Hallowe’en marks the end of the back end
fairs. I was in Thatcham in Berkshire
again for Green Halowe’en, at the stunningly beautiful Nature Discovery Centre
in aptly-named Muddy Lane, Thatcham. I
park up the night before alongside the lake being sung to sleep by the geese,
ducks swans and assorted wildlife. The next
day was beautifully warm and sunny, and the shows went well with lovely
audiences. A really memorably charming
end to a great summer for me. I feel
I’ve achieved a lot this year. I’ve made
a lot of new friends, developed some routines I’m pleased with and survived
with only one significant injury, a twisted ankle, which is now almost fully healed.
I have one more Christmas event booked than
last year so should make it through to the lean months with enough saved to
survive.
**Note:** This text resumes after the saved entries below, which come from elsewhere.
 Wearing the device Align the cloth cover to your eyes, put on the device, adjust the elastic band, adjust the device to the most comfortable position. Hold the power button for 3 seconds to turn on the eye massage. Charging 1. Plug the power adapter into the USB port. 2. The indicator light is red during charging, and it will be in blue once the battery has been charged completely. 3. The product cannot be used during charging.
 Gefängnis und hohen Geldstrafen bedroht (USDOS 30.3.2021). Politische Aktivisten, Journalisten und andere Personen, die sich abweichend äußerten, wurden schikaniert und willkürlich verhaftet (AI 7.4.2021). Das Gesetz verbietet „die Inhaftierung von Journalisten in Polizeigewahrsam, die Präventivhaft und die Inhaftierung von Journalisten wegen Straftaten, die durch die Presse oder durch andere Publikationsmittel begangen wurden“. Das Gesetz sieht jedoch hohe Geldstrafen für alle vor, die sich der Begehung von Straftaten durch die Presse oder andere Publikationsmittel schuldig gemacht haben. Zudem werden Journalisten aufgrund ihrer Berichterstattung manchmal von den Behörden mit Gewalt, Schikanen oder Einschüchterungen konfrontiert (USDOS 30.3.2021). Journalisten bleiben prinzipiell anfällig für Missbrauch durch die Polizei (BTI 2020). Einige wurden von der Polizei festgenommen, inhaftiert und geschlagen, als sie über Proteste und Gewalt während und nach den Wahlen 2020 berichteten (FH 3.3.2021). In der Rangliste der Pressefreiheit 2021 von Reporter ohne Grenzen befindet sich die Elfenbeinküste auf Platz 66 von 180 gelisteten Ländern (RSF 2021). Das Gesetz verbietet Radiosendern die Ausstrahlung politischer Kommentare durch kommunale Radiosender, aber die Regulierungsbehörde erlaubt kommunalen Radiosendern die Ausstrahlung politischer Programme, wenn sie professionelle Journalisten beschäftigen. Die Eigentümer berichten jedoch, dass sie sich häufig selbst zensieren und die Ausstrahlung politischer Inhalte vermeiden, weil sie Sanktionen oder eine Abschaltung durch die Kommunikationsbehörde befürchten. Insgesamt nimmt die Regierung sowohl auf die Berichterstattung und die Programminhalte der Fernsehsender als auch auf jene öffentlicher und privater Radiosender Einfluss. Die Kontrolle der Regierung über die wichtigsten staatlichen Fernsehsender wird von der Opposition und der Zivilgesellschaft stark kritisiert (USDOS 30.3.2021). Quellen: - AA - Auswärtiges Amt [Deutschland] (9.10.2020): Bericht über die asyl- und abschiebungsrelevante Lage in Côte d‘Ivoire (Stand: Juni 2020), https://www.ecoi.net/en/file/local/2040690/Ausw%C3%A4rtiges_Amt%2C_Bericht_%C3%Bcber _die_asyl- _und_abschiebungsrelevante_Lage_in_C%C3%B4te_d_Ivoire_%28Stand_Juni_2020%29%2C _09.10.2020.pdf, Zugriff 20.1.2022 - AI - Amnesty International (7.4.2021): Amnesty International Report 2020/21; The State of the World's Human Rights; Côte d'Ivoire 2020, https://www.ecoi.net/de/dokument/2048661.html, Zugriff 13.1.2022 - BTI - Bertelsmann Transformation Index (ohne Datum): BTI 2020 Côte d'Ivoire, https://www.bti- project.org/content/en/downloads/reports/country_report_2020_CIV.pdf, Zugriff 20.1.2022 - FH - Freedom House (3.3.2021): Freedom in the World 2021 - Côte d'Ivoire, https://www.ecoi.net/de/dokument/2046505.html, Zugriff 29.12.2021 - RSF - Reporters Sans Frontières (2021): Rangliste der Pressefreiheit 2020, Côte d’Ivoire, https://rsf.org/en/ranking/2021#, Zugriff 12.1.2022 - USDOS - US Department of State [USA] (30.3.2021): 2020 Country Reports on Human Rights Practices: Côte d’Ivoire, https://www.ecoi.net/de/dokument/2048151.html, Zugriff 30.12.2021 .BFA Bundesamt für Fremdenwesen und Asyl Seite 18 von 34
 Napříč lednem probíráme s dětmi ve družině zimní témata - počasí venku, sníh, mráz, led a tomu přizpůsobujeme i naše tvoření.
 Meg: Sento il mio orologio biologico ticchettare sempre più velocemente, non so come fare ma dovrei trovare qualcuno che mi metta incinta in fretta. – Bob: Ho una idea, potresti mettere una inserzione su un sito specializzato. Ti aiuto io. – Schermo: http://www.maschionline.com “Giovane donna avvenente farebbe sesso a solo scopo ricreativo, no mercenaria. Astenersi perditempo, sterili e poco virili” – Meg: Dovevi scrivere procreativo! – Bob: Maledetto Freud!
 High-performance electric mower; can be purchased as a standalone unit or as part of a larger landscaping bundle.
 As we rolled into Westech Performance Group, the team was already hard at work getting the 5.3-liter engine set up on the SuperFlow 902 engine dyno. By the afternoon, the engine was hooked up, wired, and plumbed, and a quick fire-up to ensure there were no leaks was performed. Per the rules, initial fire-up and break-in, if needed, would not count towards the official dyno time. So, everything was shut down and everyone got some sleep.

And of course I’m now a
pensioner so receive the state pension in return for all the years of National
Insurance contributions I’ve dutifully paid.
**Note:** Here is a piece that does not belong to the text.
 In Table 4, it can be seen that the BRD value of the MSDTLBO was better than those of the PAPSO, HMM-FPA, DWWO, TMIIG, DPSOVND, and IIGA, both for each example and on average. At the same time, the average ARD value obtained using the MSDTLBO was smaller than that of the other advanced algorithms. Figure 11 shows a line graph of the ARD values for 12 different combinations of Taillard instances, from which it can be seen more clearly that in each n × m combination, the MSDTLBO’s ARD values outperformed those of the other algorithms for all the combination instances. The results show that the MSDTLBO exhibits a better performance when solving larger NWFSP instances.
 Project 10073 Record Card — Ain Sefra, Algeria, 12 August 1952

Cat’s Paw Theatre is about to go on tour
with two teams working at the same time, one Welsh and the other English, and
for the very first time a Cat’s Paw production going out without me. In fact
even more bizarre with someone playing me.
Well at least playing the role I have developed, scripted and played for
five years, and playing it in another language.
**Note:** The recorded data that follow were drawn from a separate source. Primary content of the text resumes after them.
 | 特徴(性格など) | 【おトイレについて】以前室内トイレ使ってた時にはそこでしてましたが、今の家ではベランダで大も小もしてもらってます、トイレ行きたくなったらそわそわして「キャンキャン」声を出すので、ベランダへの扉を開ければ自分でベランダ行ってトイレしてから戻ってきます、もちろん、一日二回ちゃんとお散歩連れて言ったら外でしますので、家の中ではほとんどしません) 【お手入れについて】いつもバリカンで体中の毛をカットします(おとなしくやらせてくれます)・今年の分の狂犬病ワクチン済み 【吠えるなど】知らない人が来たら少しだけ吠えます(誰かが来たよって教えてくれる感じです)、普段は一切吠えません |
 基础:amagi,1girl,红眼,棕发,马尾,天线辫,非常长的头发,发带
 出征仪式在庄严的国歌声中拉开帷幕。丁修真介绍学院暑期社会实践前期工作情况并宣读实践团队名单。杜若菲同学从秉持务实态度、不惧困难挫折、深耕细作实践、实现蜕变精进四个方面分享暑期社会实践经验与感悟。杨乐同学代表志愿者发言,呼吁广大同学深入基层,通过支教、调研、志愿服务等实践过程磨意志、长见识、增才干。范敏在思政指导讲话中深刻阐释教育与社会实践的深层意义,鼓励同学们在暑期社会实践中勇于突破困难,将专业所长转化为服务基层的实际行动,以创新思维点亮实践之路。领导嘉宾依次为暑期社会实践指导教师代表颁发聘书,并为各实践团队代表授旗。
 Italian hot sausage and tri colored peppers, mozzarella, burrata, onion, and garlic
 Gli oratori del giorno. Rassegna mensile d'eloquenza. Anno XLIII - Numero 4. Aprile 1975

I have been thinking about the next period
of time and how I am going to include writing this blog in my life. Well not just how but really what I am going
to blog about. I have tried to avoid
just writing about the mundane and boring stuff, and instead tell you stories
and incidents that I hope make interesting reading. The trouble is that winter
is almost here and instead of travelling through this wonderful country from
event to exciting event, I am sitting in my lorry in the yard watching the rain
pour down, dreaming of summer and putting off all those jobs I really ought to
do in the workshop.
So I have decided that for the next few episodes
I will tell you something of the history of my life, and in particular the peculiar
and particular episodes that have engineered me into the eccentric showman I am
today. Can I call myself that? I guess so. I do shows and I am a bit
strange. Eccentric is better than
strange. More British somehow, and I am
very British.
Which is why the first chapter of my story
may shock some and worry others as it seemed, to those at the time, that I was
displaying some particularly anti-British views. I wasn’t, but looking back and trying to see
what I did through the eyes of teachers and parents, I can now see that this
simple act was bound to set me aside as a rebel, and one with perhaps somewhat
dubious motives.
To tell the story I must carry you back,
most of you in imagination, some in memory, to 1956 and a country very
different to the one we now live in.
North of London, the village of Southgate was given its name by Henry
VIII as it formed the south gate of his hunting fields, north of London Town.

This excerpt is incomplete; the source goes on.